■ TASK PROMPT ■
From the first line to the last, repeat the records exactly and skip the pictures.
========================================================================
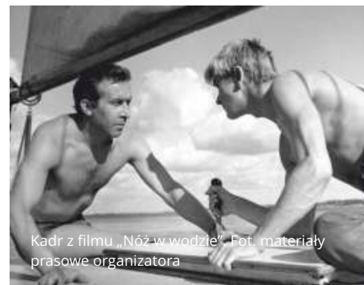
Kadr z filmu „Nóż w wodzie”.

Projekcja 22 maja to będzie kultowe kino dalekiego wschodu, czyli „Upadłe Anioły” Wong Kar Waia. Bohaterami filmu z 1995 r. są mieszkańcy Hongkongu, mrocznej, hipnotycznej metropolii i jej zaułków. Obrazowi towarzyszy muzyka zespołu Massive Attack. W klimat filmu wprowadzi widzów DKF Tomasz Garstkowiak.
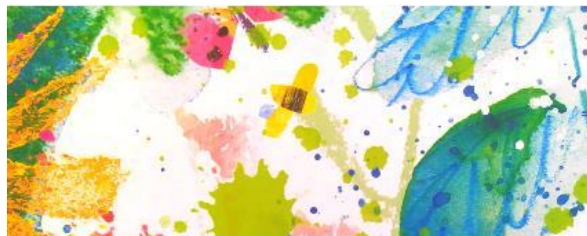
IL NOSTRO GIARDINO STRAORDINARIO
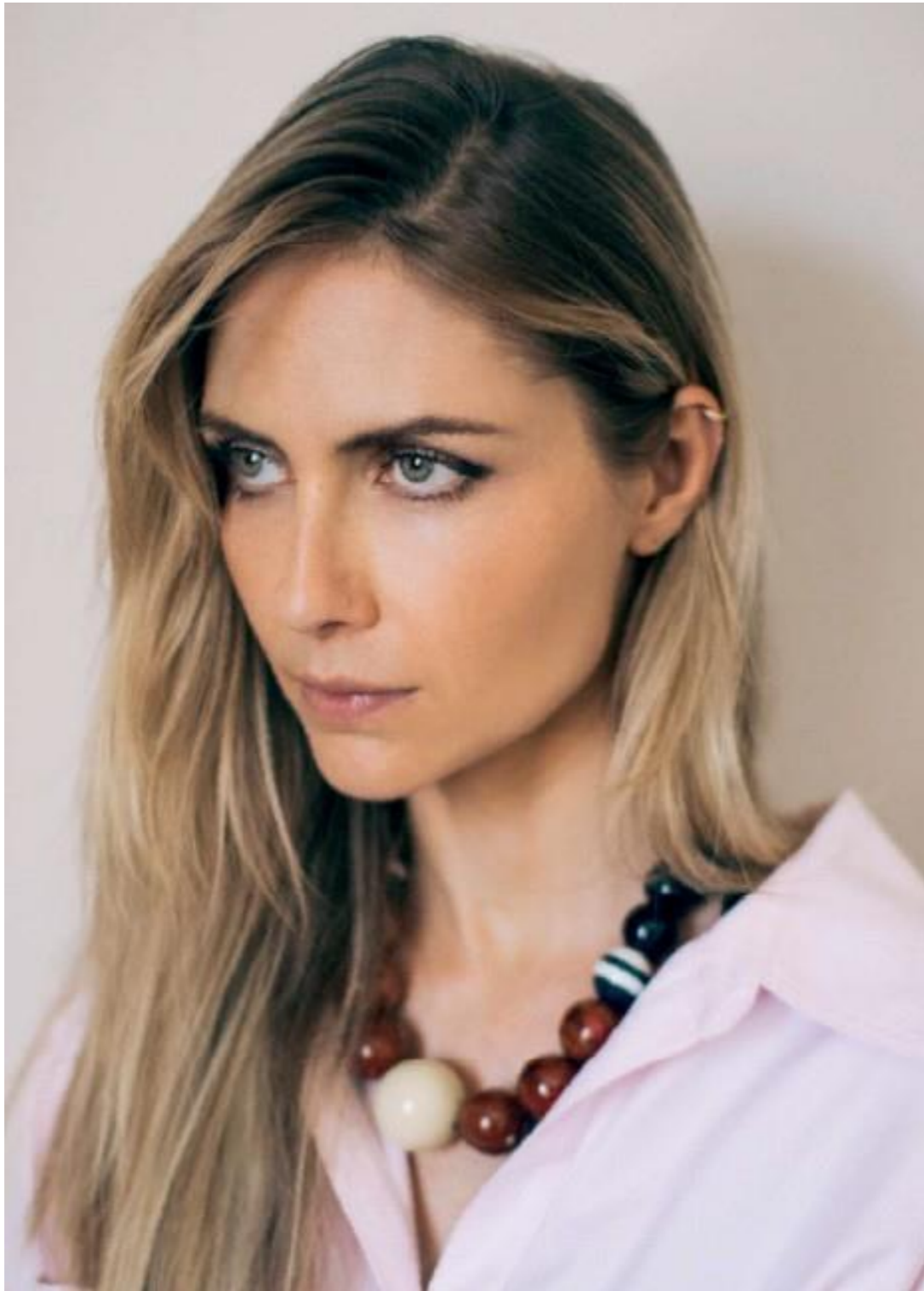
EDITORIAL RESVITA JP
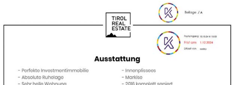
PDF-Dokument mit Beilagen und Fristenstempel

und ermöglicht es, schneller auf relevante Stellen zuzugreifen. Anstatt mit handschriftlichen Notizen zu arbeiten, die leicht übersehen werden können, bleiben alle Hinweise klar und übersichtlich im digitalen Akt vermerkt. Alle getätigten Anmerkungen werden in einer speziellen Übersicht angezeigt und durch Klick auf die jeweilige Anmerkung kommt man sofort zur entsprechenden Stelle im Dokument. Dies spart nicht nur Zeit, sondern erhöht auch die Effizienz bei der Vorbereitung auf Verhandlungen oder Gerichtsprozesse.
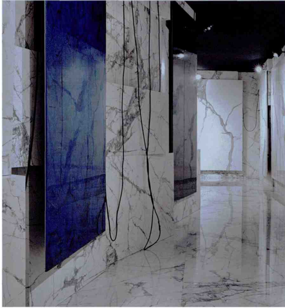
Wie ein Marmorsteinbruch: Messestand mit XXL-Feinsteinzeug | Naturali von • by Laminam
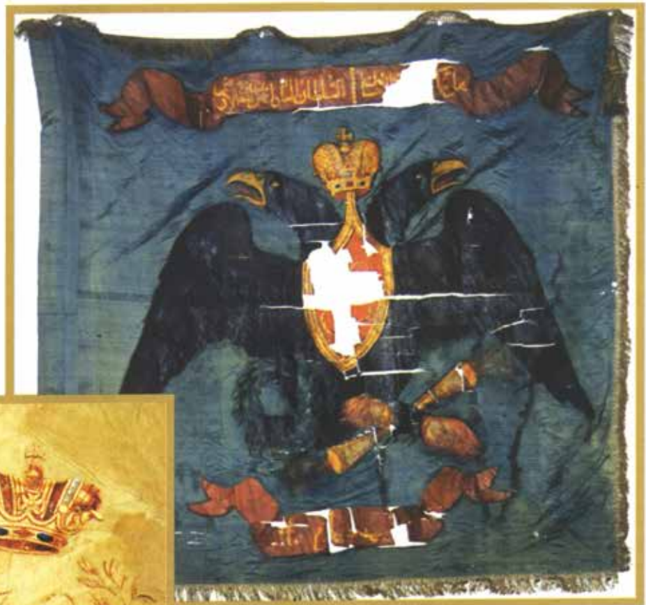
Боевое знамя 4-го конно-мусульманского полка. НМИА ФОЗ
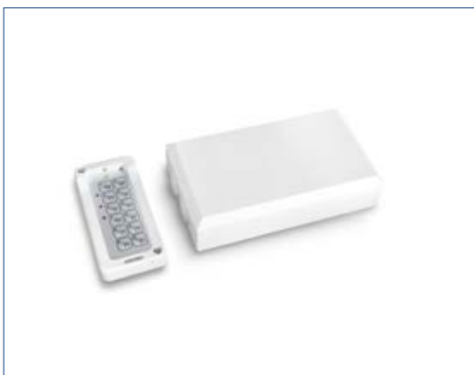
Toplock CTS V mit Metalltastatur
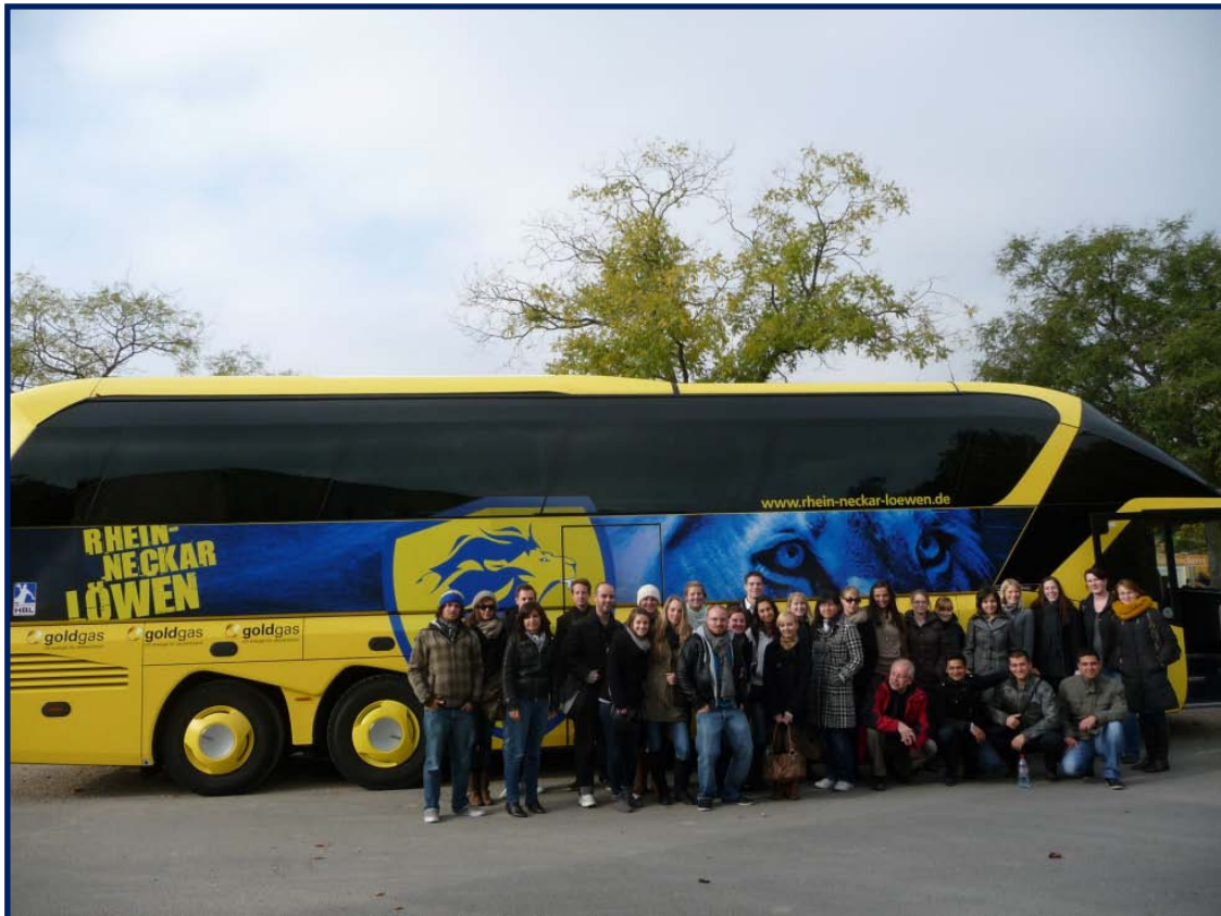
Die Studierenden des 5. Semesters IM Bachelor und des 2. Semesters im Masterprogramm IM

Nach der interessanten Führung durchs Logistikzentrum wurde als nächste Station Speyer angefahren: Nach einer Stärkung in der Hausbrauerei wurden Dom und die Innenstadt besichtigt.
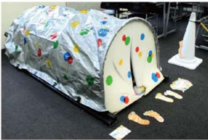
きつきほらあな / 中村めぐみ+高橋侑子+平谷佳世 全身で感じながら「ほらあな」でなごもう。
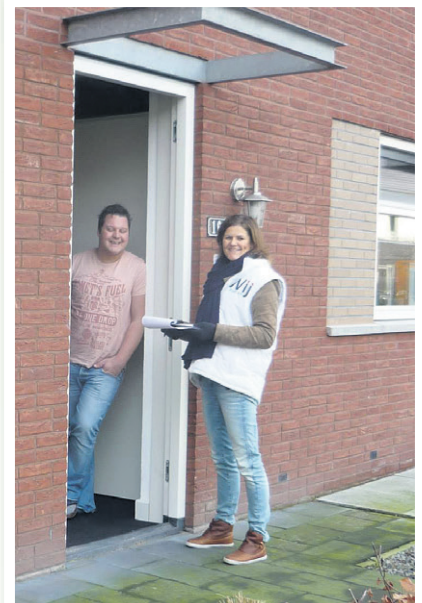
Al gooide corona de afgelopen periode roet in het eten, Wij Putten wil elke raadsperiode bij elke voordeur aanbellen om te horen wat er speelt in de wijk. De waardering is groot en het leidt soms tot verrassende initiatieven.
========================================================================
■ RESPONSE ■
Kadr z filmu „Nóż w wodzie”.

Projekcja 22 maja to będzie kultowe kino dalekiego wschodu, czyli „Upadłe Anioły” Wong Kar Waia. Bohaterami filmu z 1995 r. są mieszkańcy Hongkongu, mrocznej, hipnotycznej metropolii i jej zaułków. Obrazowi towarzyszy muzyka zespołu Massive Attack. W klimat filmu wprowadzi widzów DKF Tomasz Garstkowiak.
IL NOSTRO GIARDINO STRAORDINARIO
EDITORIAL RESVITA JP
PDF-Dokument mit Beilagen und Fristenstempel

und ermöglicht es, schneller auf relevante Stellen zuzugreifen. Anstatt mit handschriftlichen Notizen zu arbeiten, die leicht übersehen werden können, bleiben alle Hinweise klar und übersichtlich im digitalen Akt vermerkt. Alle getätigten Anmerkungen werden in einer speziellen Übersicht angezeigt und durch Klick auf die jeweilige Anmerkung kommt man sofort zur entsprechenden Stelle im Dokument. Dies spart nicht nur Zeit, sondern erhöht auch die Effizienz bei der Vorbereitung auf Verhandlungen oder Gerichtsprozesse.
Wie ein Marmorsteinbruch: Messestand mit XXL-Feinsteinzeug | Naturali von • by Laminam
Боевое знамя 4-го конно-мусульманского полка. НМИА ФОЗ
Toplock CTS V mit Metalltastatur
Die Studierenden des 5. Semesters IM Bachelor und des 2. Semesters im Masterprogramm IM

Nach der interessanten Führung durchs Logistikzentrum wurde als nächste Station Speyer angefahren: Nach einer Stärkung in der Hausbrauerei wurden Dom und die Innenstadt besichtigt.
きつきほらあな / 中村めぐみ+高橋侑子+平谷佳世 全身で感じながら「ほらあな」でなごもう。
Al gooide corona de afgelopen periode roet in het eten, Wij Putten wil elke raadsperiode bij elke voordeur aanbellen om te horen wat er speelt in de wijk. De waardering is groot en het leidt soms tot verrassende initiatieven.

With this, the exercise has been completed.